→ Brief
Before you return the lines below, strip out any images and keep every word as written.

→ Dataset extract
■ ■ ■ ■ ■

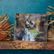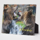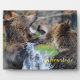 Plaque shown with a photo print of two bears playing in the water in Yellowstone National Park.
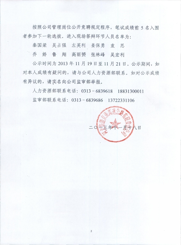 管理崗位公開競(jìng)聘筆試成績及入圍名單公示
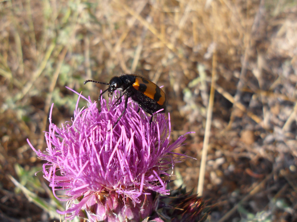 Questa mattina sono tornato a prendere le trappole, ancora non ho controllato bene ma ci sono molte blattine, un paio di falene, tante formiche e in una anche tre lucertole(che userò per le trappole per necrofori) Inizialmente deluso per le trappole sono diventato particolarmente felice quando ho visto delle piante di cardo  Speravo di trovare qualche Agapanthia, ma ho trovato ben altro. Ho raccolto infatti 4 Netocia morio, una Protaetia cuprea, un'Argiope, un Purpuricenus e 3 Mylabris. Queste ultime erano in quantità sorprendenti, ve ne saranno state alcune migliaia che volavano, si nutrivano su tutti i fiori presenti e mi si posavano addosso, però ne ho raccolte poche perchè non mi interessano e perchè erano quasi tutte femmine gravide. Purtroppo non avevo la macchina fotografica e non ho potuto fotografare la scena
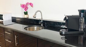 PokojeV jednom z 3 pokojů s osobitou výzdobou, k jejichž vybavení patří kuchyňský kout, lednička/mraznička a varná deska, se budete cítit jako doma. K pokoji náleží vlastní balkon. Bezdrátový internet zdarma vám zajistí spojení se světem a Smart televize (14 palcová), která nabízí digitální kanály, dobrou zábavu. Další užitečné vybavení a služby: minibar (částečně zpoplatněný) a mikrovlnná trouba. Úklid pokojů se provádí denně.
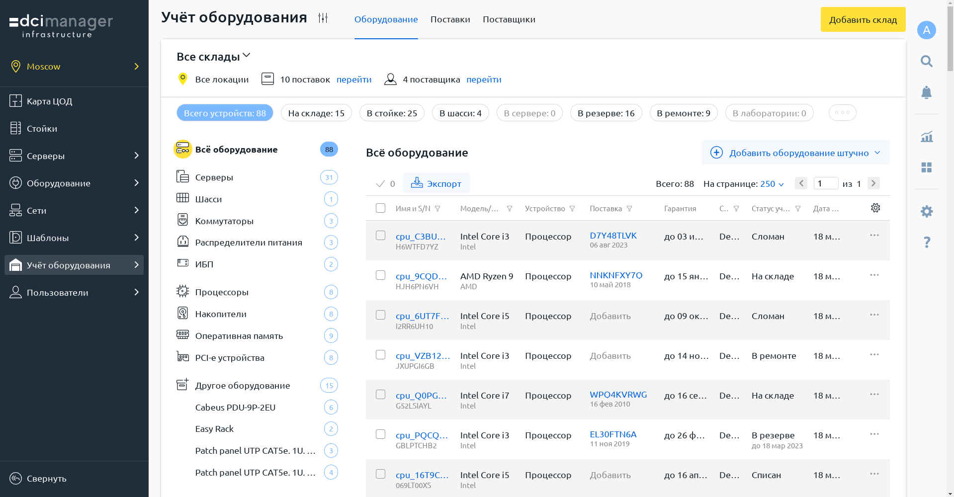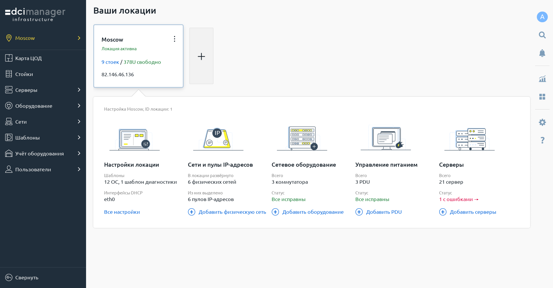 Платформа объединяет все ресурсы дата-центра — серверы, сетевые устройства и вспомогательное оборудование — в единую панель управления. DCImanager 6 поддерживает работу с несколькими географически распределенными площадками, позволяя централизованно управлять инфраструктурой независимо от ее расположения.
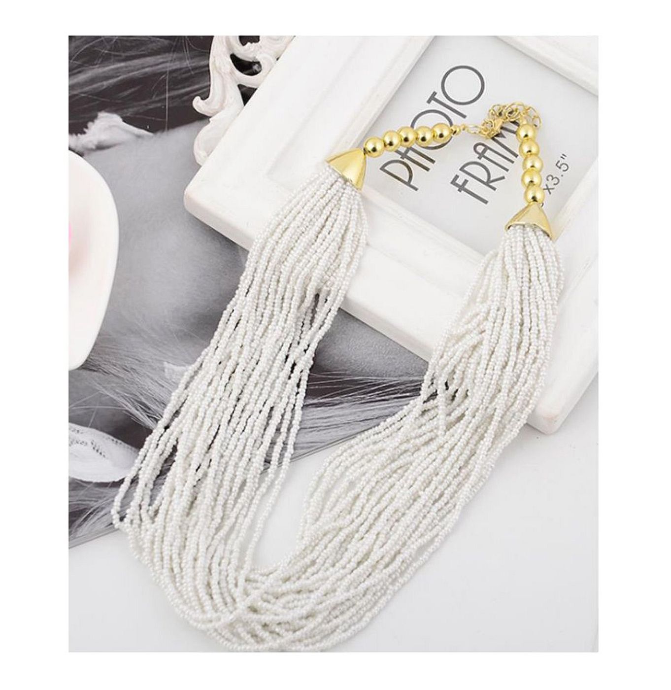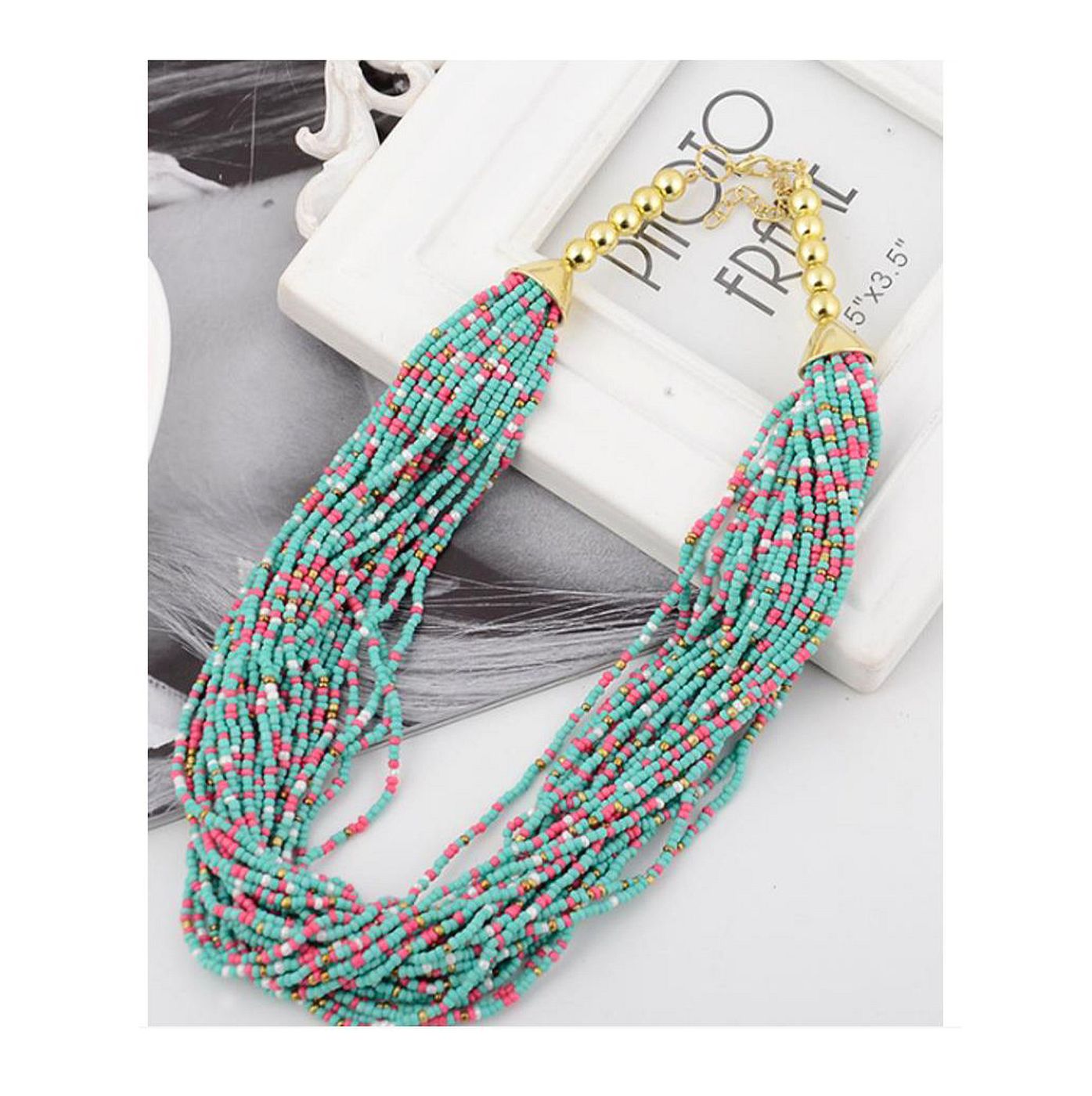 As shown is a high-fashion alloy parts jewelry plastic beads necklace.

■ ■ ■ ■ ■

→ Your response
 Plaque shown with a photo print of two bears playing in the water in Yellowstone National Park.
 管理崗位公開競(jìng)聘筆試成績及入圍名單公示
 Questa mattina sono tornato a prendere le trappole, ancora non ho controllato bene ma ci sono molte blattine, un paio di falene, tante formiche e in una anche tre lucertole(che userò per le trappole per necrofori) Inizialmente deluso per le trappole sono diventato particolarmente felice quando ho visto delle piante di cardo  Speravo di trovare qualche Agapanthia, ma ho trovato ben altro. Ho raccolto infatti 4 Netocia morio, una Protaetia cuprea, un'Argiope, un Purpuricenus e 3 Mylabris. Queste ultime erano in quantità sorprendenti, ve ne saranno state alcune migliaia che volavano, si nutrivano su tutti i fiori presenti e mi si posavano addosso, però ne ho raccolte poche perchè non mi interessano e perchè erano quasi tutte femmine gravide. Purtroppo non avevo la macchina fotografica e non ho potuto fotografare la scena
 PokojeV jednom z 3 pokojů s osobitou výzdobou, k jejichž vybavení patří kuchyňský kout, lednička/mraznička a varná deska, se budete cítit jako doma. K pokoji náleží vlastní balkon. Bezdrátový internet zdarma vám zajistí spojení se světem a Smart televize (14 palcová), která nabízí digitální kanály, dobrou zábavu. Další užitečné vybavení a služby: minibar (částečně zpoplatněný) a mikrovlnná trouba. Úklid pokojů se provádí denně.
 Платформа объединяет все ресурсы дата-центра — серверы, сетевые устройства и вспомогательное оборудование — в единую панель управления. DCImanager 6 поддерживает работу с несколькими географически распределенными площадками, позволяя централизованно управлять инфраструктурой независимо от ее расположения.
 As shown is a high-fashion alloy parts jewelry plastic beads necklace.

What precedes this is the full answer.